The momentum of the cut and creature conspired to cleave what Henric hadn’t already cut away. A clean rend of the soul, not even a binding was necessary now. Already what was left of it was beginning to disintegrate into the icy water at his feet, swept away to Judgement.
The cold hit him all at once, like stepping out into the cold winter from the warmth of a room with a fire lit. Henric shivered, and looked around. Where were Zak and the girls? If it weren’t for the water’s flow, he wouldn’t even have been able to tell which direction Zak had run off. Deep breaths brought faint traces of his uncle and sisters ... downriver.
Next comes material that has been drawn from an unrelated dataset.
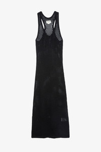 Women's long black cotton dress Description & details This long Nabys Crochet Dress has a round neck and a see-through effect. It is crocheted for a casual, bohemian look. - Zadig&Voltaire women's long crochet dress in black cotton - Round neck - Racerback - Sleeveless - Product code: KWDR00165_NOIR - The GOTS certification guarantees that this product does not contain GMOs. It also ensures the absence of harmful substances in the product, a social and environmental responsible management and the end-to-end traceability of the supply chain. The dyes are made with GOTS approved inks and colorants, which do not contain toxic heavy metals and do not require aromatic solvents nor harmful substances. - Hand or machine wash your knitwear at 68°F in a pillowcase or washing bag. Do not use fabric softener or leave your knit soaking in water. The spin speed must not exceed 400 rpm. Dry flat on a towel away from direct sunlight and heat. Model is 178 cm / 5' 10" and is wearing a size S This item is true to size. We recommend buying your usual size. Composition 100% Cotton** Care Hand-wash or machine-wash your garment at a maximum of 20 °C, in a mesh laundry bag and inside out, with a gentle spin cycle. Air-dry. Iron your garment on a low heat setting or steam from a distance of 20 cm, being particularly careful with customised details. Product code: KWDR00165_NOIR

Resting the blade on his shoulder, Henric carefully made his way, following the current deeper into Death. By the time the water was above his waist, he couldn’t stop himself from shaking at the cold of it.
“Zak!” Henric called out. “Adelin! Zia!?” There was no response but empty air.
Wait. Henric concentrated and drew up every bit of heat he had to still the chattering of his teeth. Yes... Faintly, he could hear a the sound of something moving through the water behind him. And it was coming closer.
Henric Aldrimar didn’t know what he expected to come out of the fog, but it certainly wasn’t a canoe.
“There you are,” said an old voice out of the fog.